First-Principles Study of Electron Linewidths in Graphene

We present first-principles calculations of the linewidths of low-energy quasiparticles in $n$-doped graphene arising from both the electron-electron and the electron-phonon interactions. The contribution to the electron linewidth arising from the electron-electron interactions varies significantly with wave vector at fixed energy; in contrast, the electron-phonon contribution is virtually wave vector independent. These two contributions are comparable in magnitude at a binding energy of $\sim 0.2\mathrm{eV}$, corresponding to the optical phonon energy. The calculated linewidths, with both electron-electron and electron-phonon interactions included, explain to a large extent the linewidths seen in recent photoemission experiments.

Figure 1

(a)–(d) Calculated imaginary part of the electron self-energy arising from the $e\mathrm{\text{−}}e$ interaction, $\mathrm{Im}{\Sigma }_{n\mathbf{k}}^{e\mathrm{\text{−}}e}({\epsilon }_{n\mathbf{k}})$, versus the LDA energy ${\epsilon }_{n\mathbf{k}}$ (solid black lines) in $n$-doped graphene.

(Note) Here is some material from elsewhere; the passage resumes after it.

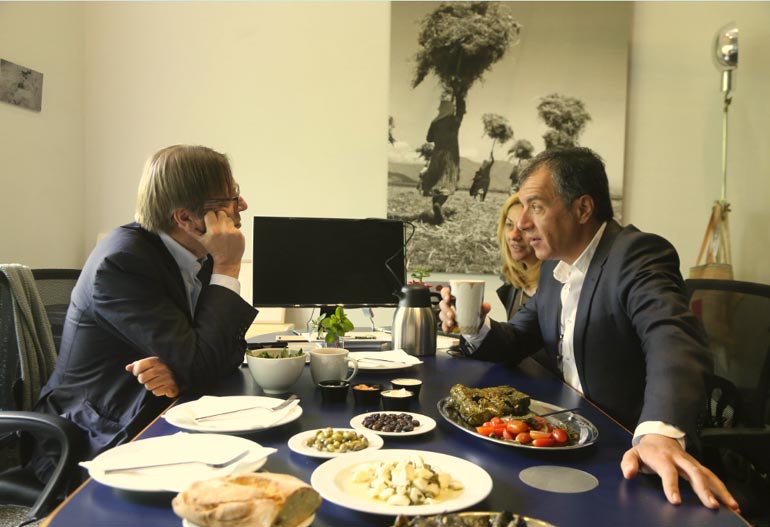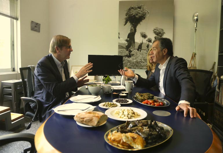 Με ελιές, ψωμί, ντολμαδάκια και άλλα μικροεδέσματα διεξιώθηκε ο Σταύρος Θεοδωράκης τον Γκι Φέρχοφστατ, τον επικεφαλής της κοινοβουλευτικής ομάδας των Φιλελευθέρων Δημοκρατών στο Ευρωκοινοβούλιο.

The Dirac point energy $E_D$ is 1.0 eV below the Fermi level. The contributions to $\mathrm{Im}{\Sigma }_{n\mathbf{k}}^{e\mathrm{\text{−}}e}({\epsilon }_{n\mathbf{k}})$ coming from electronic transitions to the upper linear bands and to the lower linear bands are shown as dashed red lines and dash-dotted blue lines, respectively. The self-energy is evaluated along the reciprocal space segments shown in the insets. (a) and (c) are results for suspended graphene with a background dielectric constant of ${\epsilon }_b=1.0$, whereas (b) and (d) are results for graphene with a background dielectric constant of ${\epsilon }_b=(1+{\epsilon }_{\mathrm{SiC}})/2=3.8$. The Fermi level and $E_D$ are indicated by vertical lines. (e) Calculated plasmon energy dispersion relation ${\omega }_{00}^{\mathrm{pl}}(\mathbf{q})$, given by ${ϵ}_{\mathbf{G}=0,{\mathbf{G}}^{\prime }=0}[\mathbf{q},{\omega }_{00}^{\mathrm{pl}}(\mathbf{q})]=0$, versus $\hslash v_0|\mathbf{q}|$ along the $\Gamma M$ direction. The solid lines are guides to the eye and the dashed line corresponds to $\omega (q)=\hslash v_{0}q$.

Figure 2

Calculated Im ${\Sigma }_{n\mathbf{k}}({\epsilon }_{n\mathbf{k}})$ versus the LDA energy eigenvalue ${\epsilon }_{n\mathbf{k}}$ in $n$-doped graphene ($E_D=-1.0\mathrm{eV}$) on a model substrate (${\epsilon }_b=3.8$). The total self-energy, the self-energy arising from the $e\mathrm{\text{−}}e$ interaction, and that arising from the $e\mathrm{\text{−}}\mathrm{ph}$ interaction are shown in solid black, dashed red, and dash-dotted blue lines, respectively. The self-energy is evaluated along the reciprocal space segments shown in the insets.

Figure 3

MDC width versus binding energy in $n$-doped graphene ($E_D=-1.0\mathrm{eV}$). Calculated quantities for suspended graphene (${\epsilon }_b=1.0$) and for graphene on a model substrate (${\epsilon }_b=3.8$) are shown in dash-dotted blue and dashed red lines, respectively. The experimental result measured for sample corresponding to the highest level of doping in Fig. 3 of Ref. 19 are shown as the solid black line [54]. Both the experimental and the calculated results are along the KM and the $K\Gamma$ direction of the Brillouin zone when the electron energy is above and below $E_D$, respectively.